Note: The map alongside presents some of the notable locations in the subdivision. All places marked in the map are linked in the larger full screen map.

==Demographics==
According to the 2011 Census of India Dhanyakuria had a total population of 5,148, of which 2,640 (51%) were males and 2,508 (49%) were females. Population in the age range 0–6 years was 415. The total number of literate persons in Dhanyakuria was 4,069 (85.97% of the population over 6 years).

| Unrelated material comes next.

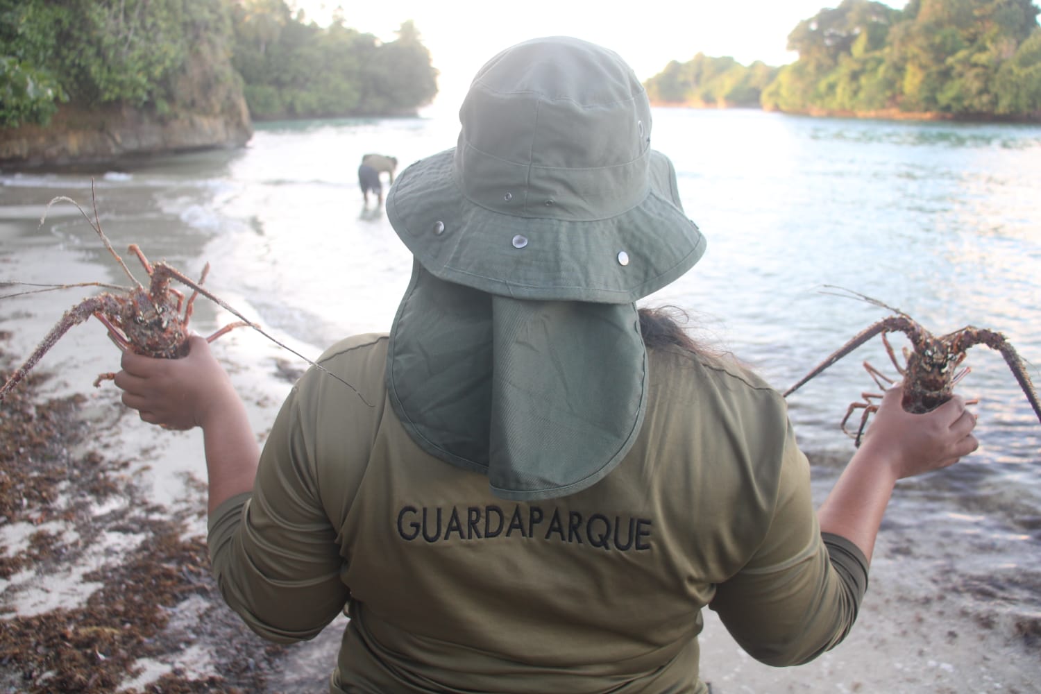 Bocas del Toro, 4 de febrero de 2026. -Durante una jornada de patrullaje marino costero de control y vigilancia en el área protegida Isla Escudo de Veraguas–Degó en coordinación con la Policía Ambiental, guardaparques del Paisaje Protegido Isla Escudo de Veraguas (PPEV) retuvieron una embarcación con tres personas a bordo realizando pesca industrial, las cuales tenían en su poder 91 langostas de diversos tamaños de las cuales 45 fueron devueltas al mar y el resto retenidas como evidencia para la Fiscalia Ambiental.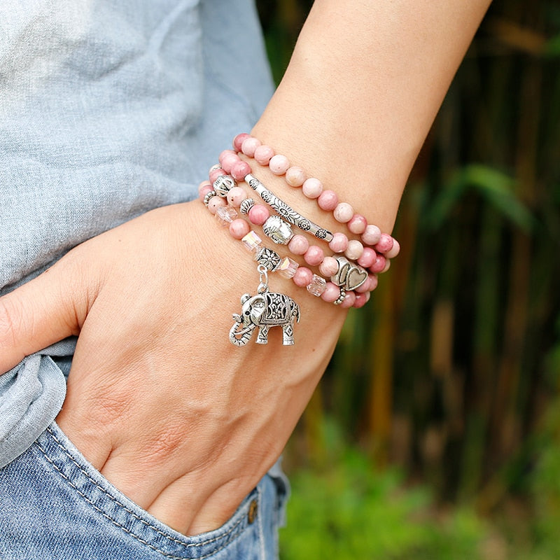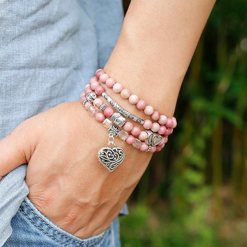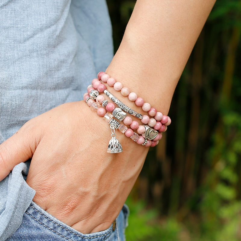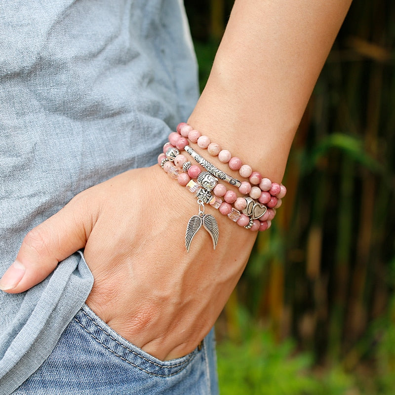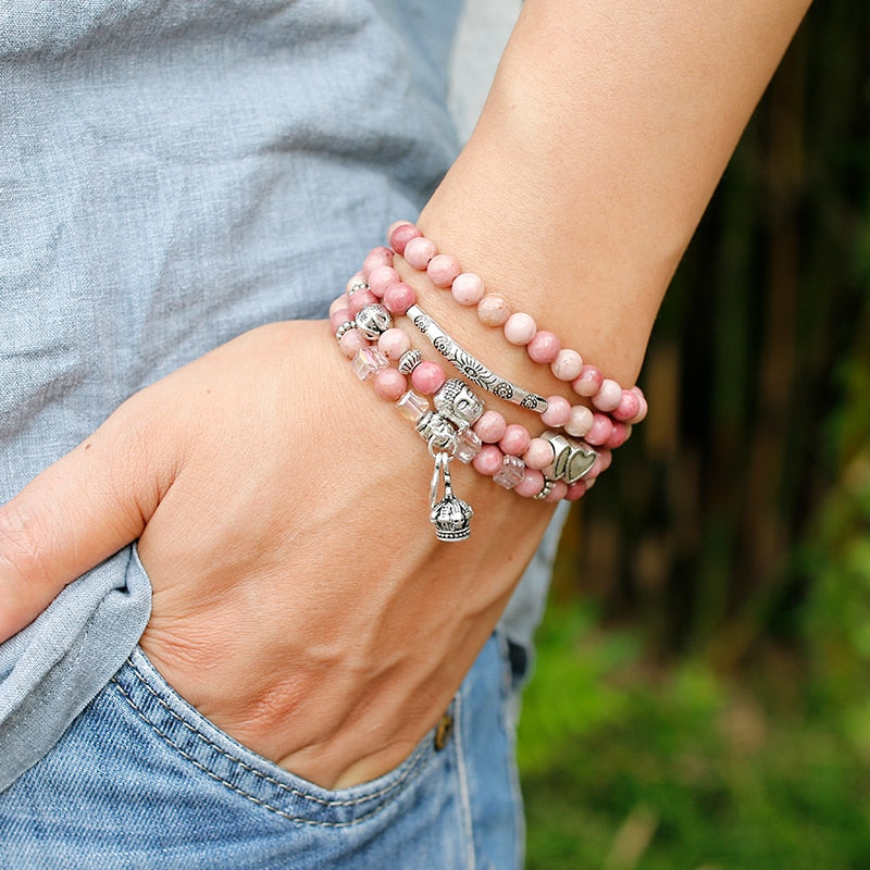 6mm Natural Rhodochrosite Beads Strand Bracelet Women Lotus

As of the 2001 India census, Dhanyakuria had a population of 4,168. Males constitute 51% of the population. Dhanyakuria has an average literacy rate of 75%, higher than the national average of 59.5%: male literacy is 81% and, female literacy is 68%. In Dhanyakuria, 10% of the population is under 6 years of age.

==Education==
Dhanyakuri Higher Secondary School is a co-educational school.

==Healthcare==
Dhanyakuria Rural Hospital at Dhanyakuria with 30 beds in the main medical facility in Basirhat II CD Block, there are primary health centres at Sikra Kulingram (with 6 beds) and Rajendrapur (with 10 beds).

North 24 Parganas district is one of the areas where groundwater is affected by arsenic contamination.